Addressing homelessness and creating new housing are Mayor Ethan Berkowitz's "top priority," and the city is trying to make things better for neighbors of the shelter and soup kitchen, said Nancy Burke, the city's homelessness coordinator. But that process takes time, and it's messy to try to change decades-old policies, she said.
"We're still concerned about the impact," Burke said in a phone interview Friday.
But Burke also said some Anchorage residents assume nothing is being done to address those problems. That's not the case, she said, pointing to both short-term fixes and long-term initiatives.
The federal government awarded a $1.3 million grant in 2016 that's helping Berkowitz's administration develop longer-term housing plans, Burke said. And the city is also in the process of creating a new "campus coordinator" position to divert people with serious problems to other service providers and away from the shelter and soup kitchen, she said.
"I want to be reassuring to the community that there is a lot happening behind the scenes," Burke said. "We're pulling together as quickly as possible and probably don't do as well with communication as we may. But we're working on that."
That woman who was walking toward traffic Friday? Burke said she'd heard about her and that the police department's social services coordinator was responding.

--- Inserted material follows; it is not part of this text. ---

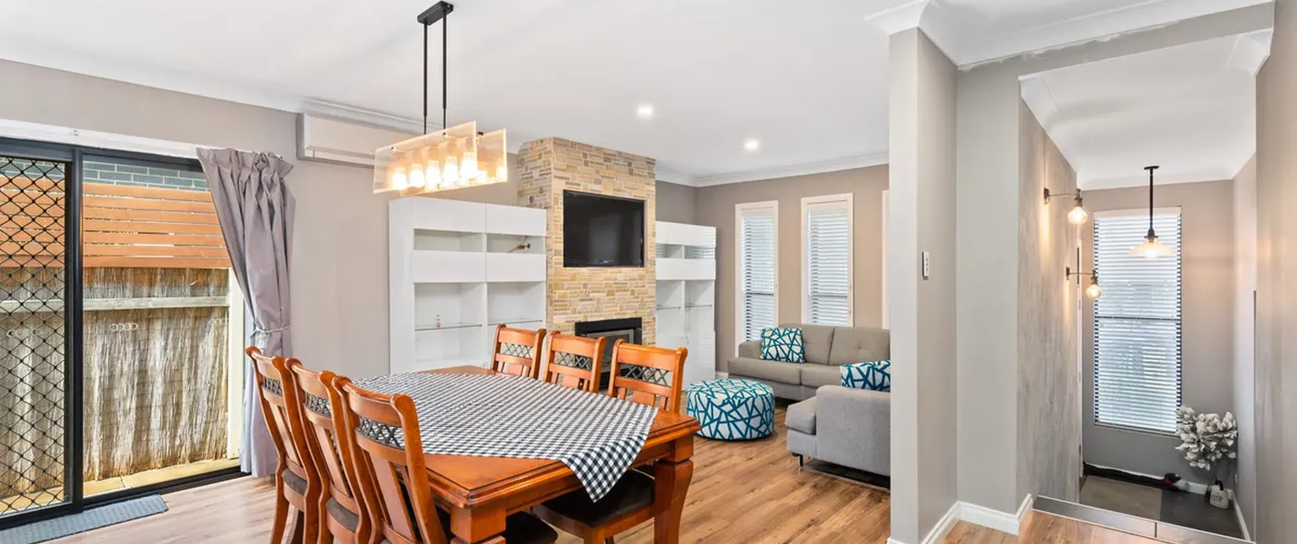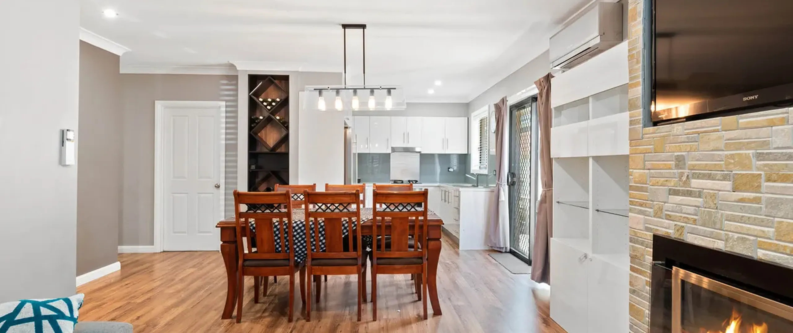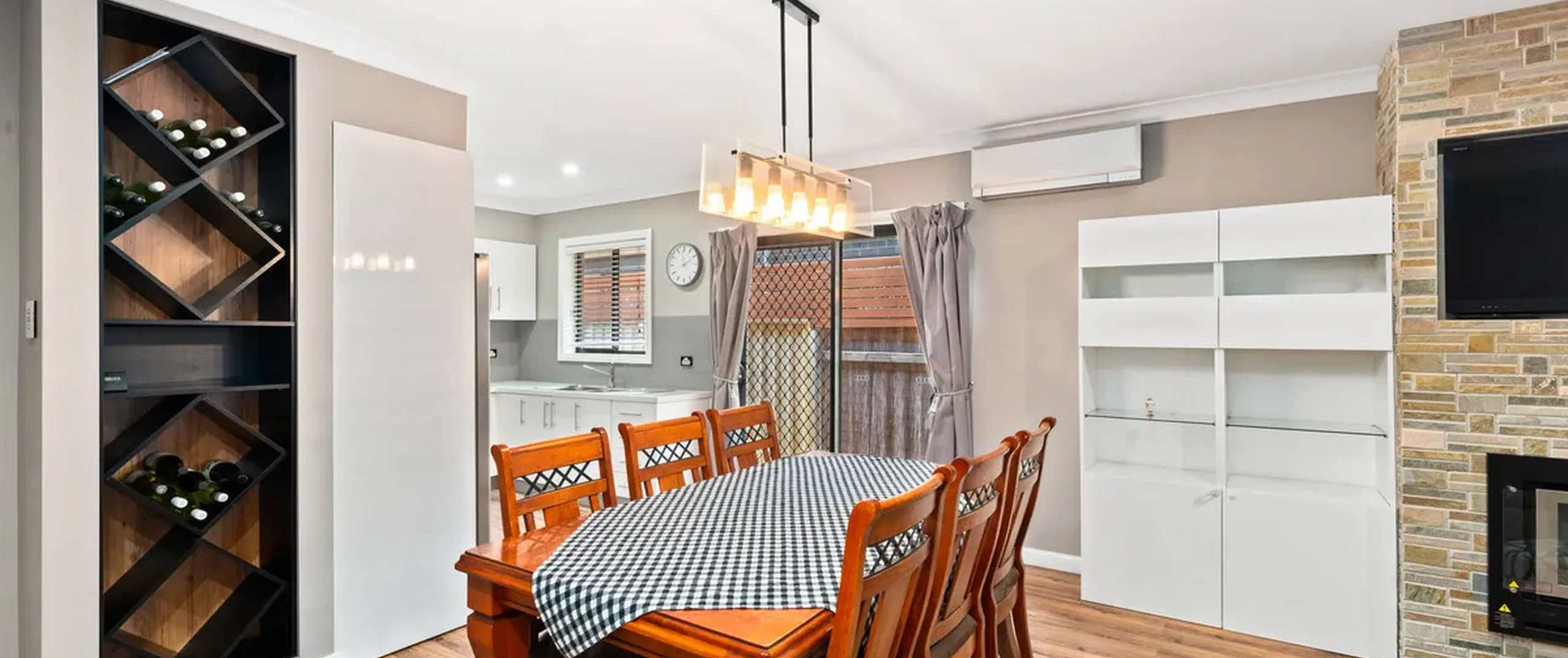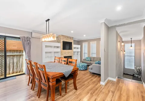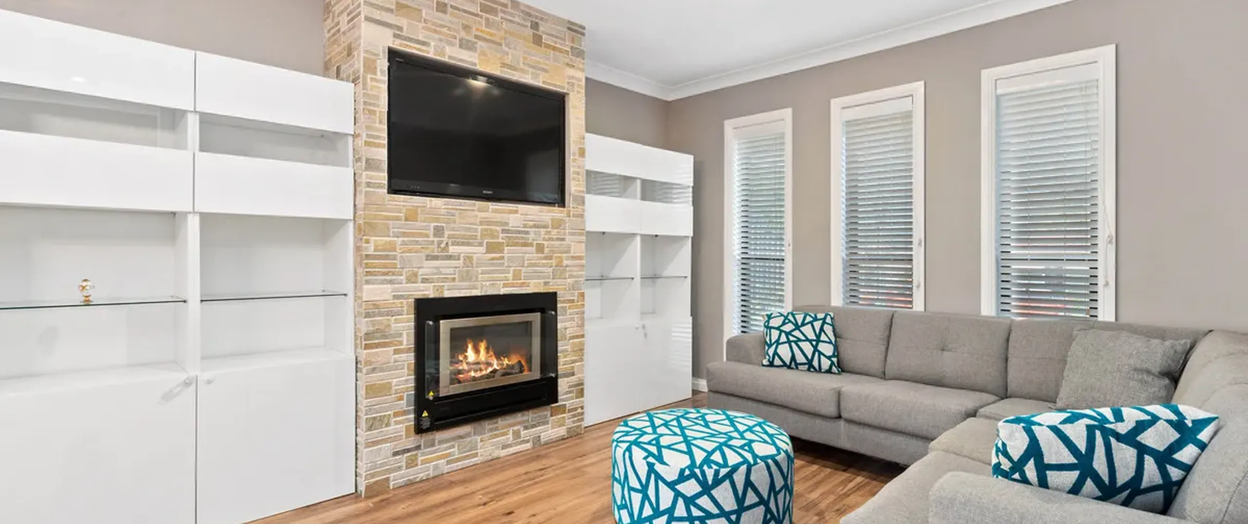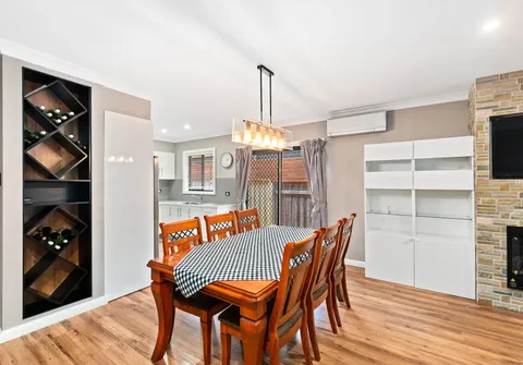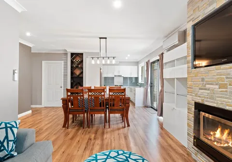 - Light-filled open-plan meals and lounge with a split system air conditioner, built-in cabinets and stone feature mantel with heater and TV niche

Burke said it was unacceptable that the chemicals were applied by a "private citizen" on a "public roadway." Amid the extensive emergency response Thursday, she said, some of the homeless people in the area thought someone had died.
"It causes concern for people who are already with nowhere to go," Burke said. "They're already vulnerable and it makes people feel more vulnerable, which makes it harder to outreach to them and to establish what's needed to help them move from that location."
Alleva, the business owner who claimed responsibility for spreading the chemicals, said it was the "best thing that happened to that area." A police investigation, he added, is a "waste of resources."
He added: “Get out there and arrest some criminals.”